A kind of website method for reconstructing, this method comprises: download step: the data of downloading the targeted website; Non-webpage treatment step: when data downloaded is non-web data, store this non-web data; Filtration step: when data downloaded is webpage, this webpage is filtered, to remove the invalid data in this webpage; Determining step: judge whether the webpage after filtering comprises link, hierarchical data and the Web page text of other data of definite object website; Link treatment step: for the link of other data of the definite object website in the webpage after filtering, return download step, download the data of this link sensing from remote server; Hierarchical data treatment step: for the hierarchical data in the webpage after filtering, resolve the hierarchical relationship of this hierarchical data, obtain the leafy node of hierarchical data, hierarchical data is stored according to its hierarchical relationship, and judge whether the leafy node of hierarchical data comprises the link of other data of definite object website, for the link of pointing to other data of targeted website in the leafy node, return download step, download the data that this link is pointed to from remote server; Web page text treatment step:, store this Web page text for the Web page text in the webpage after filtering; And reconstruction step: non-web data, hierarchical data and the Web page text that will store forms disk-based web site according to original structure.
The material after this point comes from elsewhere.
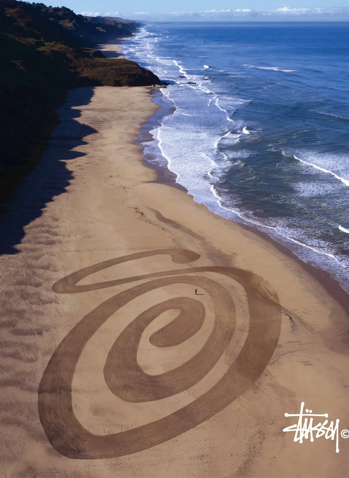 Когда Stüssy выпустил свою коллекцию Summer 2020, в маркетинге коллекции были использованы работы современного художника-земляка @jimdenevan. Деневан известен во всем мире тем, что наносит сложные геометрические рисунки на песок с помощью граблей и палок, на создание которых уходит несколько часов и которые легко смывались морем. Как коренной калифорниец и серфингист, он идеально вписался в эту коллаборацию, учитывая, что бренд родился в 80-е годы в Калифорнии. Деневан изобразил знакомую фигурную букву «S» на пляжном песке, расположенном в Северной Калифорнии, и разместил ее в интернете, печатной рекламе и на специальной графической футболке.

The present invention downloads and is saved to this locality with the data of targeted website according to its original structure, and forms disk-based web site according to this structure.
Description of drawings
Fig. 1 is the applied environment synoptic diagram of website of the present invention reconstructing system preferred embodiment.
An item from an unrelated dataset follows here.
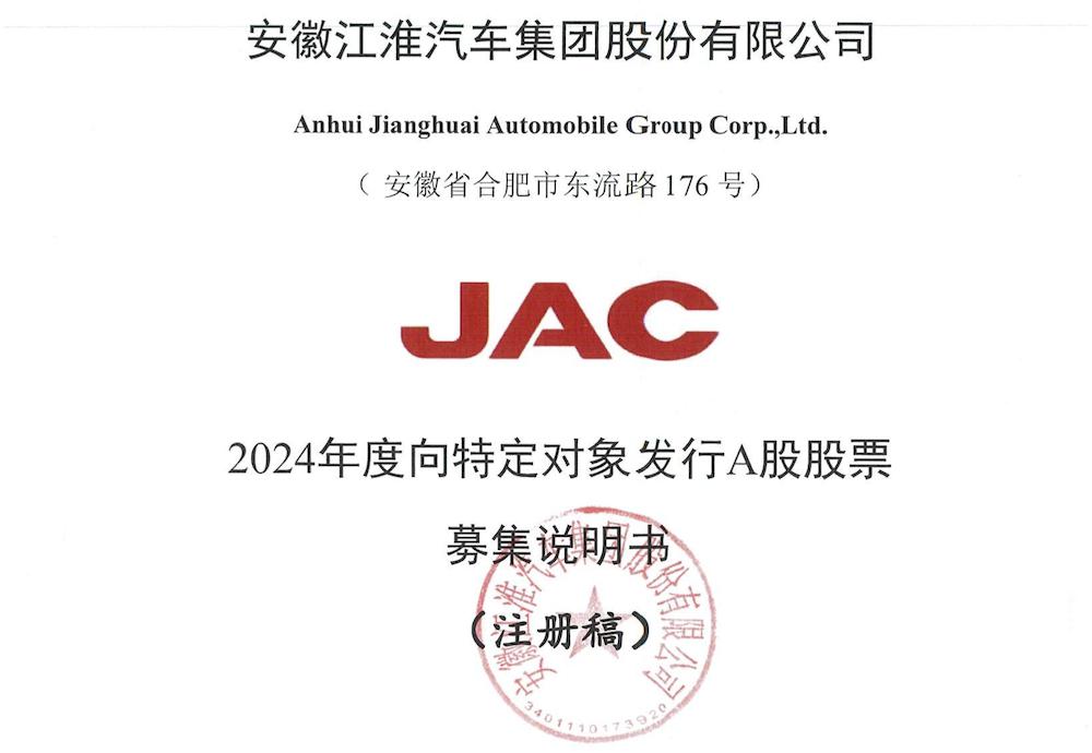▲江淮发布 2024 年度向特定对象发行 A 股股票募集说明书

Fig. 2 is the functional block diagram of website reconstructing system among Fig. 1.
Fig. 3 is the process flow diagram of website of the present invention method for reconstructing preferred embodiment.
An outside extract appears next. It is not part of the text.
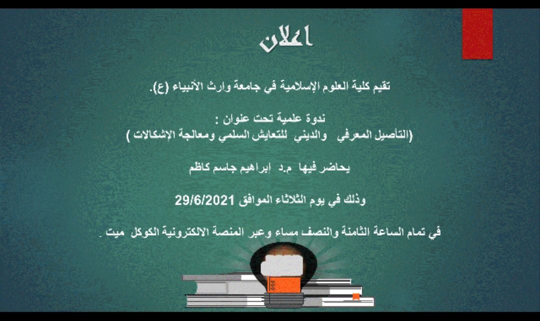 جانب من استمرار المحاضرات العلمية المنهجية لطلبة كلية العلوم الاسلامية في جامعة وارث الانبياء عبر تطبيق الكوكل ميت ومتابعة حثيثة من عمادة الكلية ورئيسي القسمين في الكلية حول سير العملية التعليمة في الكلية للفصل الدراسي الثاني , فضلا عن استمرار الانشطة الثقافية والتطويرية لطلبة كلية العلوم الاسلامية , وقد لاقت البرامج التنموية والثقافية التي تقدمها كلية العلوم الاسلامية لطلبتها الاعزاء قبولا واسعا من قبل الطلبة متمنين المزيد من هكذا برامج تنمي مواهب الطلبة وتصقل ثقافتهم الاسلامية.

The main element symbol description
The |
10 |
Home server | 11 |
|
12 |
|
13 |
The targeted |
14 |
|
15 |
|
16 |
|
17 |
Download module | 200 |
Non-webpage processing module | 210 |
Filtering module | 220 |
Judge module | 230 |
The hierarchical data processing module | 240 |
The Web page text processing module | 250 |
Reconstructed module | 260 |
Embodiment
Consulting shown in Figure 1ly, is the applied environment synoptic diagram of website of the present invention reconstructing system preferred embodiment.This website reconstructing system 10 runs in the home server 11.This home server 11 communicates to connect by external network 13 (for example internet) and remote server 12.This remote server 12 establishes targeted website 14, packet purse rope page or leaf of this targeted website 14 (for example webpage of html format) and non-web data (for example file of exe, doc or zip form).Described home server 11 also communicates to connect by internal network 16 and a plurality of clients 15.The database 17 that with home server 11 be connected downloaded and stored to described website reconstructing system 10 according to its original structure from remote server 12 with the data of targeted website 14, and data downloaded is formed disk-based web site and presents to the local user by client 15 according to its original structure.Described client 15 can be any suitable data processing equipment, for example personal computer, mobile phone and personal digital assistant.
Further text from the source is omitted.